Reproduce every entry below exactly, minus the pictures.
*** Source records ***
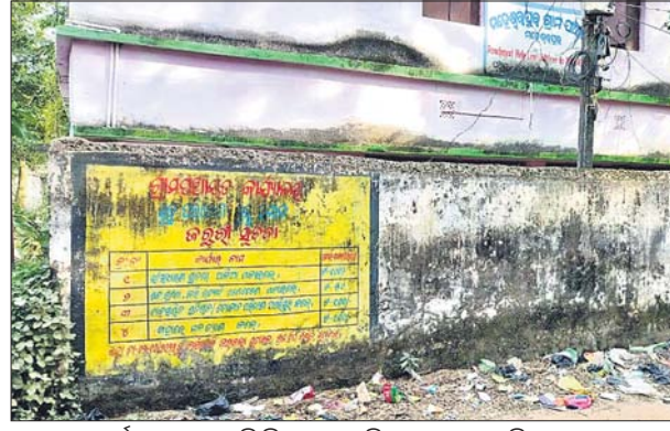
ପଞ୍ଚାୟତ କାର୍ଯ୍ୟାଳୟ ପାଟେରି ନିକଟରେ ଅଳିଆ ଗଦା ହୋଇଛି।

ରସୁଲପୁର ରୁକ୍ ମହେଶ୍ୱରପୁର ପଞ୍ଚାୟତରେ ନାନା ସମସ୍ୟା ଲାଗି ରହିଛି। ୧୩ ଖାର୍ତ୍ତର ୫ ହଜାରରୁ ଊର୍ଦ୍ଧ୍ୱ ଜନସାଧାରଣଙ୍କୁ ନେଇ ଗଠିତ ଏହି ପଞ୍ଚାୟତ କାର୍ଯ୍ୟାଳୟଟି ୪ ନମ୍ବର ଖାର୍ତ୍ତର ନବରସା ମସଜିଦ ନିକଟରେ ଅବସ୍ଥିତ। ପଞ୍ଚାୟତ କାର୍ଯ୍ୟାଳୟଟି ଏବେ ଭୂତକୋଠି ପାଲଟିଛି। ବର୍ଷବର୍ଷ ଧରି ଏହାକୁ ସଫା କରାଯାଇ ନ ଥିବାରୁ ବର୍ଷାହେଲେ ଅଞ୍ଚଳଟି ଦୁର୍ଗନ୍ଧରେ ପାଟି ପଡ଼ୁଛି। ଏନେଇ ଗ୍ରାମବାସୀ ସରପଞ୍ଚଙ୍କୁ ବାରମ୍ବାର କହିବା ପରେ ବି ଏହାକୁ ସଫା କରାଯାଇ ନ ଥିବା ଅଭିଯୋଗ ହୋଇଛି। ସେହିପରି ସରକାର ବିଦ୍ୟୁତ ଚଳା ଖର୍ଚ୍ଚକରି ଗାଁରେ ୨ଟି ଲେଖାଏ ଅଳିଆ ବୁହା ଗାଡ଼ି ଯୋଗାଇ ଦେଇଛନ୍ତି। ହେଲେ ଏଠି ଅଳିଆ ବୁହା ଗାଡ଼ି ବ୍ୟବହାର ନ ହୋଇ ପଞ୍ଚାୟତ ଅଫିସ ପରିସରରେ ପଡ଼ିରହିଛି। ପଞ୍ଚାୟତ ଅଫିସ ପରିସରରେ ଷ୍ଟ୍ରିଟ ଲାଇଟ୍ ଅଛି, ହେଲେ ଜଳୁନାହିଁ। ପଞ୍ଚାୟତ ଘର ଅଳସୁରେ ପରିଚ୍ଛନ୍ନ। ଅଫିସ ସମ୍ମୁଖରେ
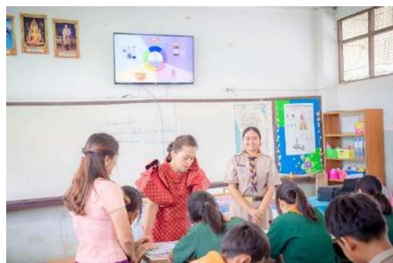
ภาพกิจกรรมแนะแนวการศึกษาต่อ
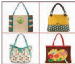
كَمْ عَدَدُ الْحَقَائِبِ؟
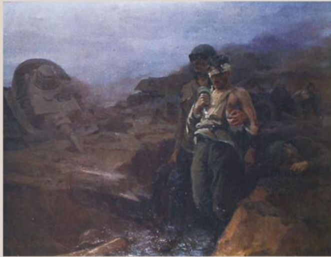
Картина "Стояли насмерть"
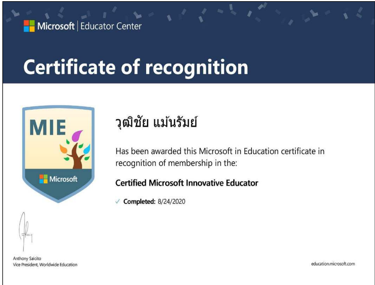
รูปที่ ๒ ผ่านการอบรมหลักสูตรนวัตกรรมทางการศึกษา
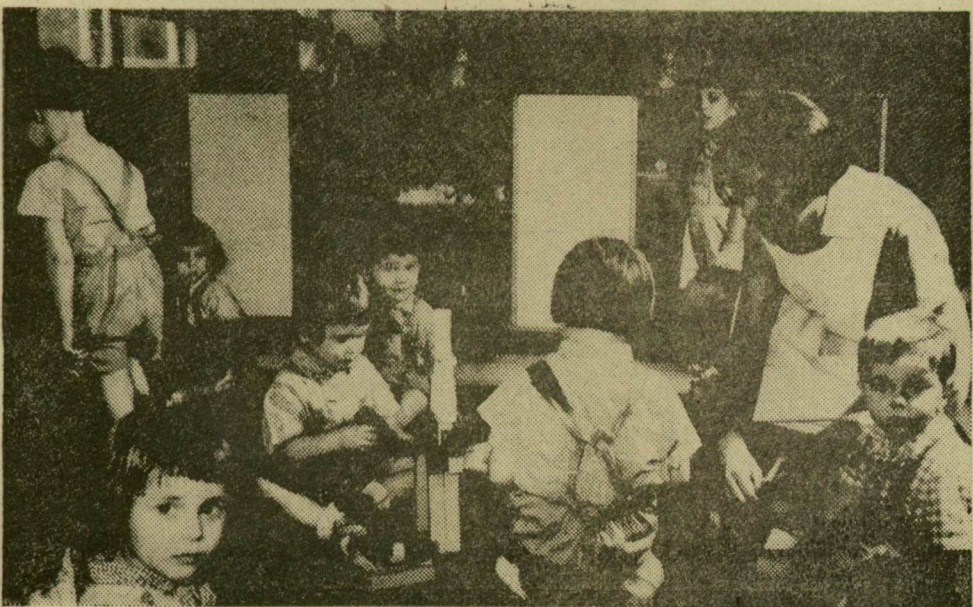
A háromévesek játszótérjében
*** End of Source records ***
→ Exercise answer:
ପଞ୍ଚାୟତ କାର୍ଯ୍ୟାଳୟ ପାଟେରି ନିକଟରେ ଅଳିଆ ଗଦା ହୋଇଛି।

ରସୁଲପୁର ରୁକ୍ ମହେଶ୍ୱରପୁର ପଞ୍ଚାୟତରେ ନାନା ସମସ୍ୟା ଲାଗି ରହିଛି। ୧୩ ଖାର୍ତ୍ତର ୫ ହଜାରରୁ ଊର୍ଦ୍ଧ୍ୱ ଜନସାଧାରଣଙ୍କୁ ନେଇ ଗଠିତ ଏହି ପଞ୍ଚାୟତ କାର୍ଯ୍ୟାଳୟଟି ୪ ନମ୍ବର ଖାର୍ତ୍ତର ନବରସା ମସଜିଦ ନିକଟରେ ଅବସ୍ଥିତ। ପଞ୍ଚାୟତ କାର୍ଯ୍ୟାଳୟଟି ଏବେ ଭୂତକୋଠି ପାଲଟିଛି। ବର୍ଷବର୍ଷ ଧରି ଏହାକୁ ସଫା କରାଯାଇ ନ ଥିବାରୁ ବର୍ଷାହେଲେ ଅଞ୍ଚଳଟି ଦୁର୍ଗନ୍ଧରେ ପାଟି ପଡ଼ୁଛି। ଏନେଇ ଗ୍ରାମବାସୀ ସରପଞ୍ଚଙ୍କୁ ବାରମ୍ବାର କହିବା ପରେ ବି ଏହାକୁ ସଫା କରାଯାଇ ନ ଥିବା ଅଭିଯୋଗ ହୋଇଛି। ସେହିପରି ସରକାର ବିଦ୍ୟୁତ ଚଳା ଖର୍ଚ୍ଚକରି ଗାଁରେ ୨ଟି ଲେଖାଏ ଅଳିଆ ବୁହା ଗାଡ଼ି ଯୋଗାଇ ଦେଇଛନ୍ତି। ହେଲେ ଏଠି ଅଳିଆ ବୁହା ଗାଡ଼ି ବ୍ୟବହାର ନ ହୋଇ ପଞ୍ଚାୟତ ଅଫିସ ପରିସରରେ ପଡ଼ିରହିଛି। ପଞ୍ଚାୟତ ଅଫିସ ପରିସରରେ ଷ୍ଟ୍ରିଟ ଲାଇଟ୍ ଅଛି, ହେଲେ ଜଳୁନାହିଁ। ପଞ୍ଚାୟତ ଘର ଅଳସୁରେ ପରିଚ୍ଛନ୍ନ। ଅଫିସ ସମ୍ମୁଖରେ
ภาพกิจกรรมแนะแนวการศึกษาต่อ
كَمْ عَدَدُ الْحَقَائِبِ؟
Картина "Стояли насмерть"
รูปที่ ๒ ผ่านการอบรมหลักสูตรนวัตกรรมทางการศึกษา
A háromévesek játszótérjében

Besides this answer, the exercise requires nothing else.